Chapter 46
46
R hi
I find Winnie where I left her, waiting for me by the entrance to the forest, an anxiety crisscrossing her face which lifts when she sees me. She runs forward and engulfs me in a hug.
“Oh Rhi. I’m sorry.”
“It’s okay, Winnie. I’m fine. I promise you, I’m fine. I understand now.”
“But why–”
“Pip was a familiar – just like you said. He wasn’t just any ordinary pig.”
“You don’t say.” She manages a half smile, sniffing. “Then why let him go – why let those spirits go if they were here helping you?”
“To unleash the full potential of my powers. I think I will need all of it for what’s coming.”
“Still, it’s hard to let people go,” she says, a new sadness filling her eyes.
“Rosa?” I say, not sure I want to know.
Winnie shakes her head.
“What happened?”
“They took her – that’s what one of her neighbors told us anyway. We’ve heard nothing since.”
“I’m so sorry, Winnie,” I say, wrapping her in my embrace. “She was such an incredibly awesome woman.”
“She was,” she says.
We stand there, holding each other, both consumed in grief, both thankful for each other.
Winnie’s the first to pull away, steeling herself.
“They’re serving breakfast in the Great Hall. Do you fancy grabbing some together for old-time’s sake?”

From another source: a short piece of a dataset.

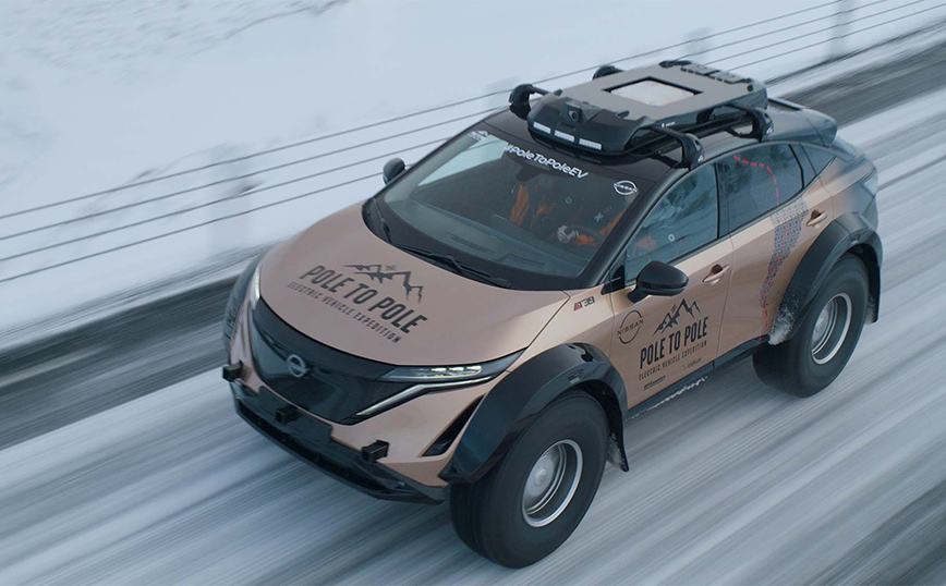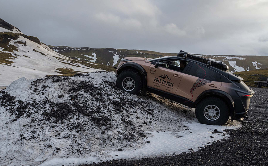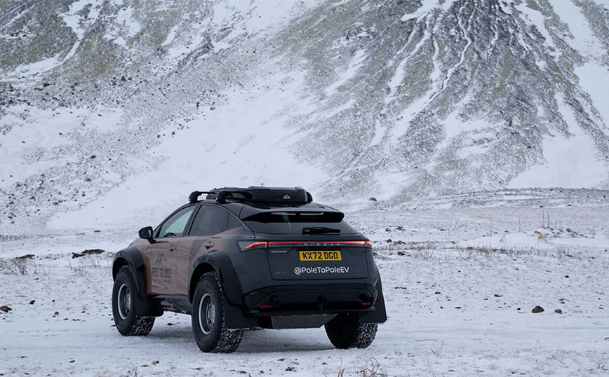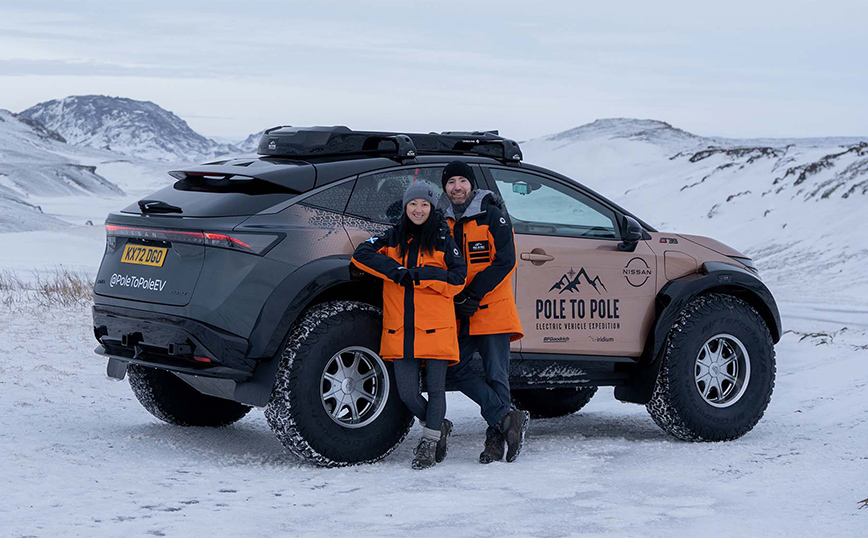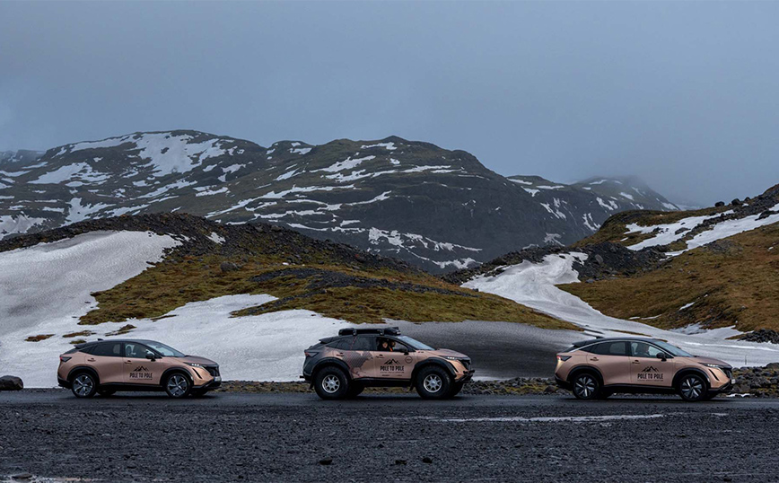 Στο Reykjavic της Ισλανδίας, σε ένα σκηνικό που θυμίζει Αρκτική, η ομάδα αποστολής Pole to Pole και η Nissan, παρουσίασαν την «ετοιμοπόλεμη» έκδοση του νέου ηλεκτρικού SUV Ariya, που θα πραγματοποιήσει ένα ταξίδι 27.000 χιλιομέτρων από τον μαγνητικό Βόρειο Πόλο στον Νότιο Πόλο.

She hooks her arm through mine.
I can feel my mates stirring through the bond. They may be wondering where I am but they can feel I’m near, feel I’m okay. I don’t think there’s any need to dash back to them. Not yet anyway.
“Sure,” I tell Winnie, “why not? A breakfast of stale bagels and soggy porridge. I wouldn’t miss it for the world.”
Winnie pinches my arm. “You can’t seriously think they’re going to feed you that. Not when you’re the ‘chosen one’.”
“Chosen one?” I say.
“That’s what everyone is calling you now. You have to admit, it’s an improvement on Pig Girl.”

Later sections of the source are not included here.